I see more and more organisations wanting to provide full resiliency for all Lync workloads (IM and Presence, Conferencing, the lot) as Lync becomes more of a business critical service. They want to ensure they can still provide IM and Presence in the event an entire site goes down. The supported and recommended Microsoft scenario to achieve this is the Metropolitan Site Resiliency Solution, which requires a significant amount of infrastructure to achieve full Lync resiliency in the event of site failure. It can be cost prohibitive, complex to deploy and manage and the reality is that very few organisations are setup to support this.
I’ve managed to come up with a model that I’ve architected for an organisation that cannot deploy full metro data centre resiliency (stretched VLAN, SAN replication etc) but still want some level of site resiliency for all Lync functionality.

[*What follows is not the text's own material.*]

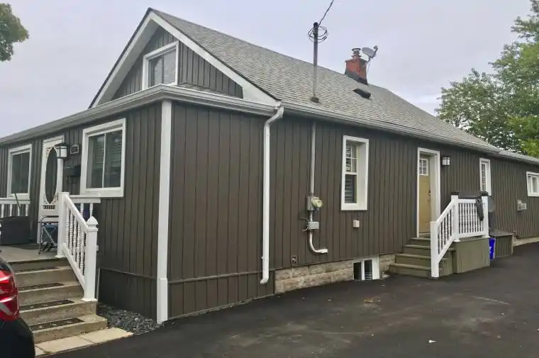 A Little Country in the City! Renovated BUNGALOFT with TWO Bedrooms on the Main Floor and another Larger Bedroom with Walk in Closet and dressing area Upstairs. The upper bedroom can also be used as a Family Room, Den or Guest Bedroom. Currently the two main floor bedrooms are just being used for office and storage. Lovely Mohagany Kitchen with plenty of cabinets, extended countertops and built in pantry. Gas stove for the chef in your family who loves to cook and a Built in Dishwasher helps cleanup. Colonial Doors and Trim, High Ceilings, Custom Blinds and Pot lights modernize this well lit space. Main Floor Laundry is conveniently built right into the Bathroom and this home includes Central Air Conditioning and has efficient Gas Forced Air Heat. Tenants space is the about 2/3 of the total square footage and Tenant Pays 2/3 of utilities as shared with a single owner – lives in separate attached (semi like) unit at rear. Paved Parking and Exterior Maintenance , Grass Cutting and Snow Shovelling are all included in the Rental. Your own Bungaloft home and yard without the maintenance and upkeep of a house

In this post, I’ll cover how you can provide site resiliency capabilities for not just voice but also IM and Presence, Conferencing and all other Lync workloads.
Introduction
I just want to cover off a few things before I begin just to set the scene. In this post, I’ll cover specifically site level resiliency only and not data or server level resiliency. At a high level, you can achieve data level resiliency by deploying SQL clustering for your Lync databases and for server level resiliency, by deploying an Enterprise Edition Front End pool, Mediation Server pool, etc. I’m not going to go into too much detail about achieving resiliency for voice either, because this is well documented on TechNet.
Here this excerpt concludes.